Autonomy of Action		0.80
Goal-Driven Planning		0.90
Self-Modification		0.70
Dynamic Tool Use		0.90
Persistent Memory		0.50
Contextual Awareness		0.80
Dynamic Identity		0.40
Multi-Agent Interactions		1.00
Non-Determinism		0.80
Opacity & Reflexivity		0.70

Scored with the canonical OWASP AIVSS formula (AIVSS calculator reference); agentic risk factors estimated from the agent’s described capabilities.

MAESTRO 7-layer threat model

Per-layer threats for this agent.
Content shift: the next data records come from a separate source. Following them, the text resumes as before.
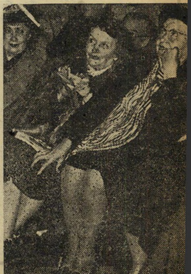
גריפה. קצב הג'אז גורף עמו את כולם, ידעי מוסיקה ושאינם יודעים.
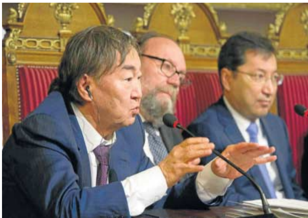
El embajador, ayer durante su intervención.

La UGR, a través del Centro de Promoción de Empleo y Prácticas del Vicerrectorado de Estudiantes, ha impulsado la obtención de este reconocimiento por parte del Ministerio de Empleo y Seguridad Social, acreditándose de esta manera su compromiso e implicación con la sociedad a la que se debe su Universidad en el ámbito de la formación práctica de sus alumnos y en la inserción laboral de sus egresados.
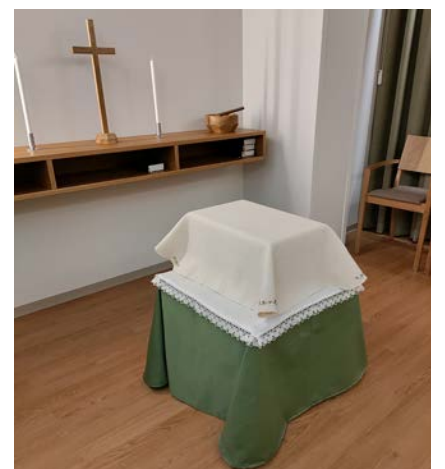
Kotka-Kymin seurakunta tarjoaa arkkupeiton myös pienille vainajille.
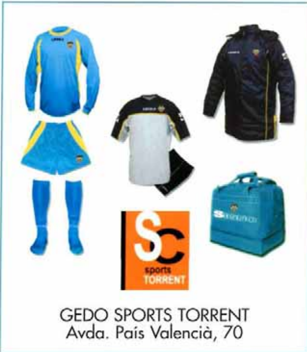
GEDO SPORTS TORRENT Avda. País Valencià, 70

En l'intent de millorar la imatge de l'Escola, de forma que estiga més d'acord amb la categoria dels nostres jugadors i tècnics i amb els excel·lents resultats que es vénen obtenint en les diferents categories, en la pròxima temporada tots els nostres esportistes portaran un nou equipatge de competició, una vestimenta de passeig per a quan faça bon temps, el xandall habitual del que ens sentim molt satisfets, per a avançat la tardor, i una peça d'abric per al període hivernal. A més, a cada jugador se li entregarà la roba d'entrenament i per descomptat, una bossa d'esport, a fi que tots vagen igualment uniformats.
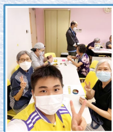
於屯門醫院義工服務中與長者一同製作串珠手鏈
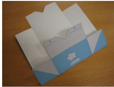
4. 下端を折り目のところで折ります。
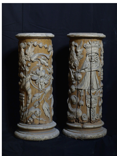
Vue générale. IVR31_20106207309NUCA
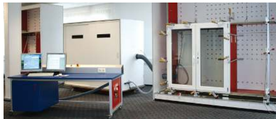
Qualitäts- und Sicherheitskontrolle für Fenster und Türen nach Europäischen Normen.
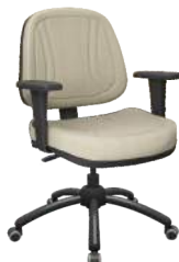
Executiva Lâmina cód. 33084
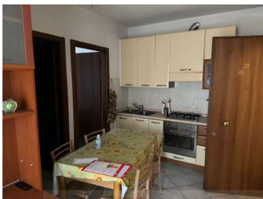
Cucina e ingresso.

Le aree esterne (in comune con altre unità immobiliari) presentano pavimentazioni in asfalto; sono presenti alcune aiuole con essenze arboree. L'insieme appare in condizioni di manutenzione appena sufficienti, con segni di usura compatibili con la vetustà dell'edificio, anche se alcuni elementi (tinteggiature esterne, basculanti dei garage, ecc.) si presentano piuttosto trascurati.
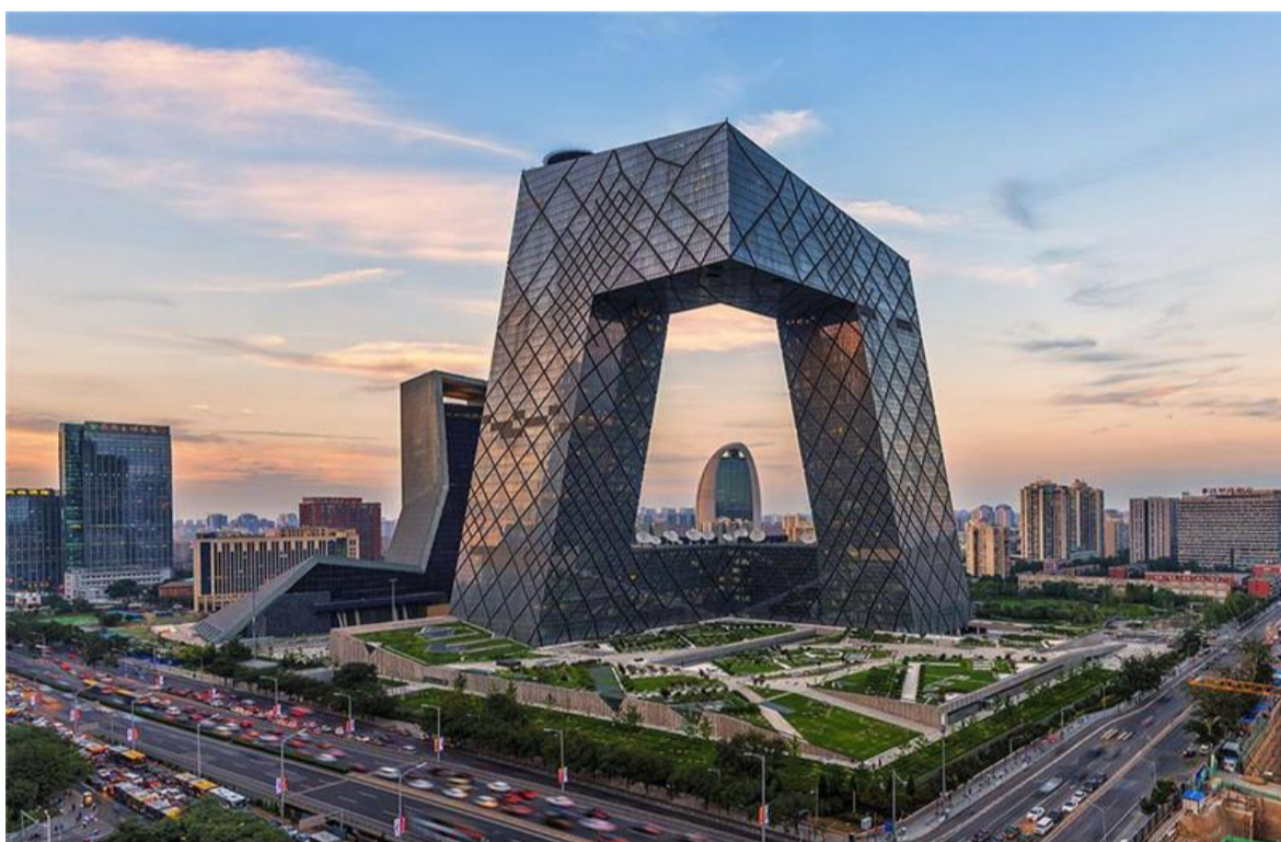
中央电视台总部大楼(CCTV Headquarters),位于北京市朝阳区东三环中路32号,地处北京商务中心区(CBD),比邻北京国贸大厦。园区共由三个建筑物组成:位于西南侧的中央电视台总部大楼(主楼)、位于西北侧的电视文化中心(北配楼)以及位于东北角的能源服务中心。中央电视台总部大楼占地面积18.7万平方米,总建筑面积约55万平方米,其中主楼为两栋分别为52层234米高和44层194米高的塔楼组成,设10层裙楼,并由在162米高空大跨度外伸,高14层重1.8万吨的钢结构大悬臂相交对接,总用钢量达14万吨。北配楼高159米,主楼为30层,裙楼为5层。于2004年10月21日动工建设,2012年5月16日全部竣工交付使用。中央电视台总部大楼于2007年12月24日被美国《时代》周刊杂志评选为2007年世界十大建筑奇迹之一;2013年11月7日获世界高层都市建筑学会(CTBUH)“2013年度全球最佳高层建筑奖”;2014年4月入围十大当代建筑之一。
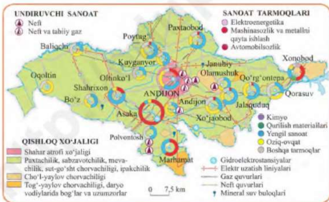
102-rasm. Andijon viloyati.
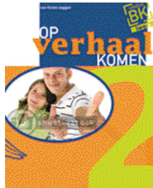
deel 2 vmbo-bk / lwoo
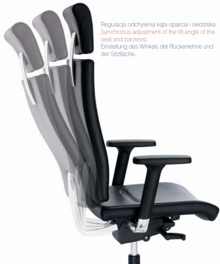
Regulacja odchylenia kąta oparcia i siedziska. Synchronous adjustment of the tilt angle of the seat and backrest. Einstellung des Winkels der Rückenlehne und der Sitzfläche.

Layers tagged “not certain from listing” are general, caveated commentary where the public description didn’t pin that layer.

L1 · Foundation Models⚠ not certain from listing

Not certain from the listing — AutoGen supports 'Flexible LLM integration' and 'various LLM configurations', meaning foundation model threats (adversarial examples, data poisoning) depend entirely on the user-selected LLMs.

L2 · Data Operations⚠ not certain from listing

Not certain from the listing — The description does not specify built-in vector stores or RAG data operations, though these can be integrated as tools.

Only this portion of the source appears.